A regularização da situação jurídico-institucional do Porto de Suape, junto ao Governo Federal, por outro lado, efetivou-se mediante o Departamento de Transportes Aquaviários da Secretaria Nacional de Transportes, no ano de 1992. Isso permitiu ao Governo de Pernambuco explorar, comercialmente, aqueles serviços portuários.

Em 1999, ocorreu a construção da primeira etapa do chamado porto interno - 935 metros de cais e profundidades de até 15,5 metros. Dois anos depois, iniciou-se a segunda etapa de construção, através da dragagem de mais de 1 milhão e 300 mil m3. Em seguida, o canal de navegação foi ampliado em mais 450 metros, o que possibilitou a edificação do Cais 4. Em 2002, para atender às novas demandas, empreendeu-se a duplicação da avenida portuária (uma extensão de 4,4 km), e a construção do 1º. Prédio da Central de Operações Portuárias de Suape. No ano seguinte, o Porto recebeu, da Food and Drug Administration (FDA), do Governo dos Estados Unidos, um certificado atestando o seu cumprimento da lei contra o bioterrorismo.

No ano de 2004, foi instalada a Emplal, uma indústira de embalagens plásticas por termoformagem, e inaugurado, também, o Centro de Treinamento do Complexo Industrial Portuário de Suape, um empreendimento voltado para o atendimento dos funcionários das empresas instaladas no Porto, e das comunidades que vivem em suas imediações. Em 2005, foi assinado um acordo entre a Petrobrás e a empresa Petróleos da Venezuela S. A. no sentido de se instalar, em 2007, uma refinaria de petróleo, capaz de processar 200 mil barris de petróleo por dia, de gerar aproximadamente 10 mil empregos durante a sua construção e, ao ser concluída, de abrigar 1,5 mil trabalhadores.

Presentemente, Suape representa o pólo industrial mais completo do Nordeste do Brasil, recebendo, distribuindo e exportando matérias primas, insumos básicos e produtos finais, além de ser incluído entre os 11 portos prioritários do País, e a principal alternativa para o transporte de cargas de e para toda a costa atlântica da América do Sul, com baixos custos de fretes. Além de contar com a presença de mais de setenta empresas (instaladas ou em fase de implantação), possui, ainda, um porto externo, um porto interno, alguns terminais de granéis líquidos, um cais de múltiplos usos, e um terminal de contêineres. Com 16,5 metros de profundidade, o Porto atende a navios de grande porte, movimentando, anualmente, mais de 5 milhões de toneladas de carga, a exemplo de granéis líquidos (derivados de petróleo, álcool, produtos químicos, óleos vegetais, e outros) e cargas conteinerizadas. O Porto possui eficazes sistemas viários, de suprimento de energia elétrica, de abastecimento d´água e de telecomunicações, e realiza, inclusive, as operações de transhipment - que consistem na transferência de cargas, de navios de grande porte, para as instalações portuárias, e o seu posterior reembarque em navios menores.

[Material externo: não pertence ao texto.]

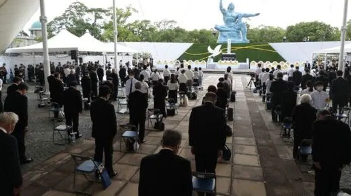 Bei der Gedenk-Feier forderte der Bürgermeister von Nagasaki, dass Atom-Waffen weltweit abgeschafft werden.
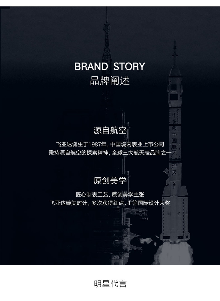 - 飞亚达表秉持源自航空的超精密工艺,飞亚达以专业与美感兼具的腕表设计,演绎对“飞”的艺术化探索,诠释非凡向上的品牌风范,讲述“一旦拥有,别无所求”的故事。
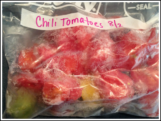 As we went into the weekend, some of the tomatoes started to get a bit soft so I got a head start on storing them. Here we are with a freezing tutorial!

O Complexo Industrial-Portuário de Suape possui mais de 6.000 hectares sob proteção ambiental e, entre as empresas já instaladas ou em fase de instalação, estão a Aluminic Industrial S/A, a Bonesa Borracha S/A, a Cimec - Cia. Industrial e Mercantil de Cimentos, a Concreto Redimix do NE S/A, a Copagás Distribuidora de Gás Ltda., a Esso Brasileira de Petróleo S/A, a Granex – Granitos de Exp. do NE Ltda., a Indústria de Caixas Plásticas do NE Ltda., a Pedra Cerâmica Santo Antônio S/A, a Petrobrás Distribuidora S/A, a Refresco Guararapes Ltda. (Coca-Cola), a Shell do Brasil S/A, a Termo Fértil S/A, a Transportadora Cometa, e a Work Mariner Ltda.

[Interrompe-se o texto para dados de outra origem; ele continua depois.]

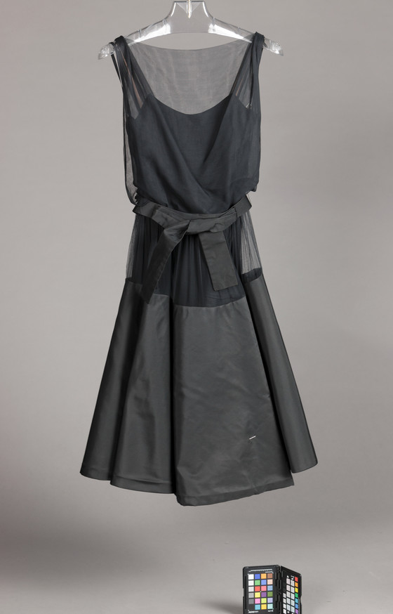 a) Dress: silk gauze, silk plain weave (taffeta). b) Belt: silk plain weave (taffeta)

Por fim, cabe registrar que o Porto de Suape, um dos mais importantes do mundo, opera navios em todos os dias do ano, independentemente dos horários das marés, e dispõe de um sistema de monitoração de atracação de navios a laser, que proporciona um controle mais seguro, tanto para as pessoas quanto para os seus carregamentos.


Fontes consultadas:

ANDRADE, Gilberto Osório de; LINS, Rachel Caldas. Pirapama: um estudo geográfico e histórico. Recife: Editora Massanganam 1984.

BRAGA, João. Guia turístico, histórico e cultural. Recife: Assembléia Legislativa do Estado de Pernambuco, 2000.

CAVALCANTI, Carlos Bezerra. O Recife e seus bairros. Recife: Câmara Municipal do Recife, 1998.

FORMAÇÃO histórica e geográfica do cabo. Cabo: Departamento de Estudos Sociais, Secretaria de Educação, Prefeitura Municipal do Cabo, 1988.

FRANCA, Rubem. Monumentos do Recife. Recife: Secretaria de Educação e Cultura, 1977.

JORGE, José . Suape, a retomada do desenvolvimento. Brasília: Senado Federal, 2000.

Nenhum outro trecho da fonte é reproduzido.